Beda donk! Namanya juga asal bikin judul :p

Well, ini hanya menyindir diri sendiri dan orang lain yang memiliki penyakit yang sama 😀

Kalo kata Patrick David Yanello, aku dan orang-orang perfeksionis lain tergolong manusia yang memiliki sifat “Tanda Titik” yang mendetail dan kadang-kadang suka rewel kalo hasilnya tidak sempurna 🙂

Terkadang ini menyulitkanku, dimana secara tidak sadar aku terlalu mengkritik orang lain tanpa perasaan, karena prinsipku, “Lebih baik terang-terangan daripada ngrasani di belakang,” tapi ya gitu.. Untuk beberapa orang yang akrab denganku dan memahami sifatku, fine-fine aja kalo aku ngomong blak-blakan. Tapi untuk beberapa orang yang sensitif n ga terlalu ngerti aku, kesannya aku malah bikin mereka down n mereka liatnya aku judes gitu. Hiks.

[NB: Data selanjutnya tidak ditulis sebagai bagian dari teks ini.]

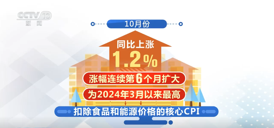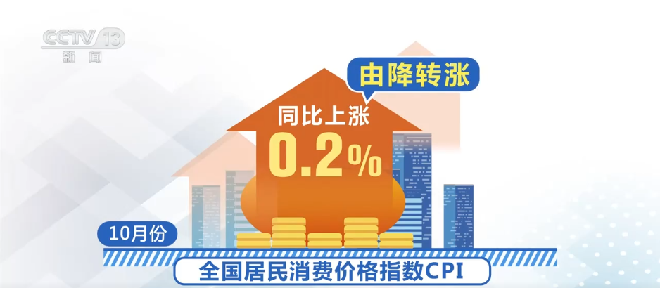 央视网消息:国家统计局11月9日发布,随着扩内需等政策措施持续显效,全国居民消费价格指数(CPI)同比由上月下降转为上涨0.2%,扣除食品和能源价格的核心CPI同比继续上涨,涨幅连续第6个月扩大。
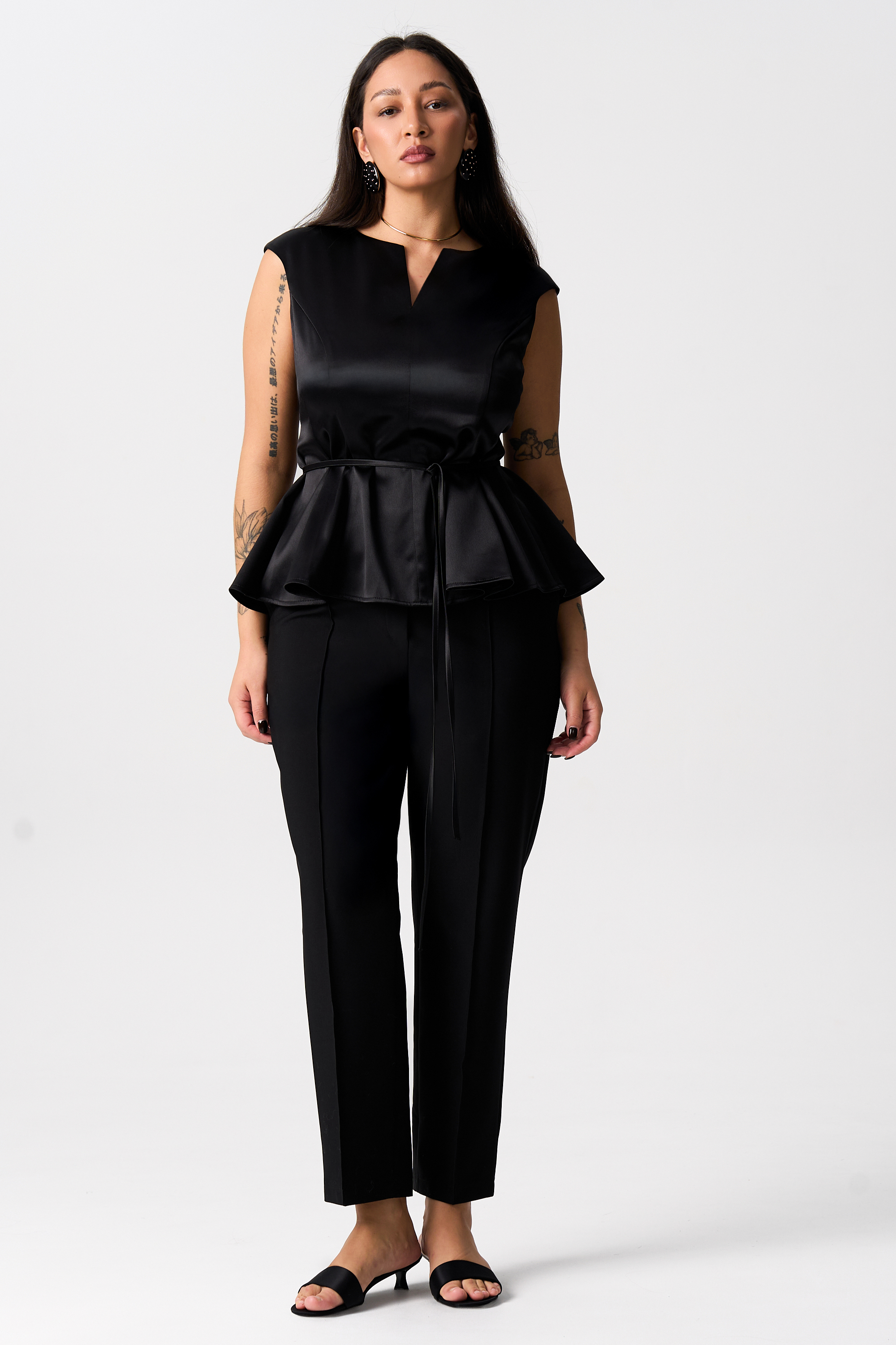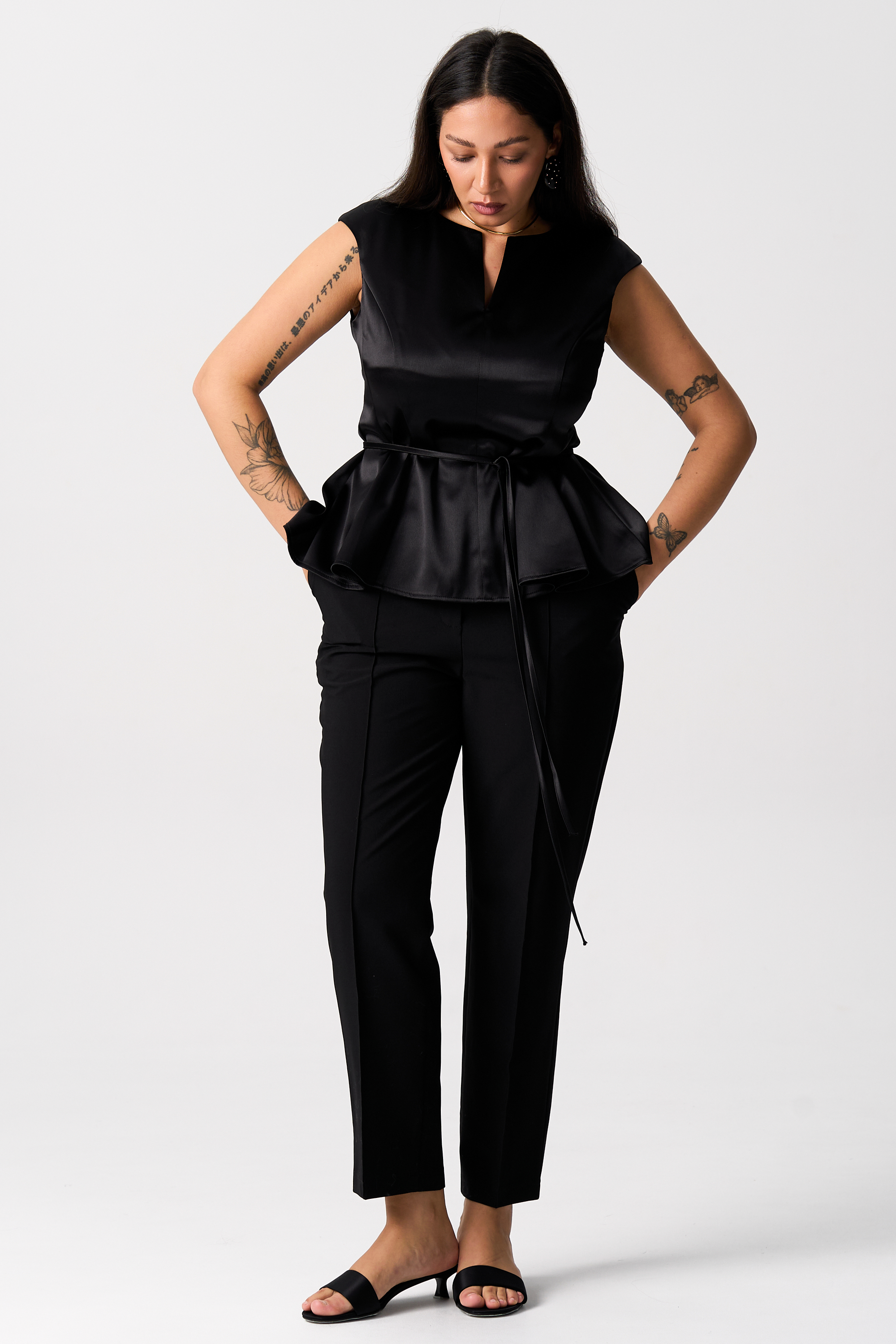 Модель прилегающего силуэта с карманами и застроченными стрелками. На поясе резинка для лучшей посадки.
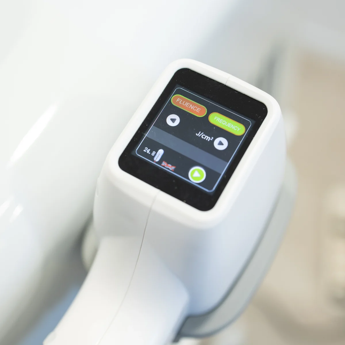 The laser beam is absorbed and converted into heat, disrupting the hair and the cells that drive regrowth. Light pulses are delivered through a dedicated handpiece with adjustable parameters for different body areas. Cooling protects the surface and helps minimise redness.

Tapi sekarang aku belajar (dan masih belajar) dalam menghadapi orang lain yang tentu saja seringkali memiliki kepribadian yang berbeda denganku. Wong dengan orang yang sama-sama “tanda titik” aja sering eyel-eyelan :p

Jadi, tanda yang manakah Anda? 🙂

NB : Silahkan klik di sini untuk mengetahui “tanda” Anda. Anyway, kenapa bahasaku jadi formal gini ya? Hehehe.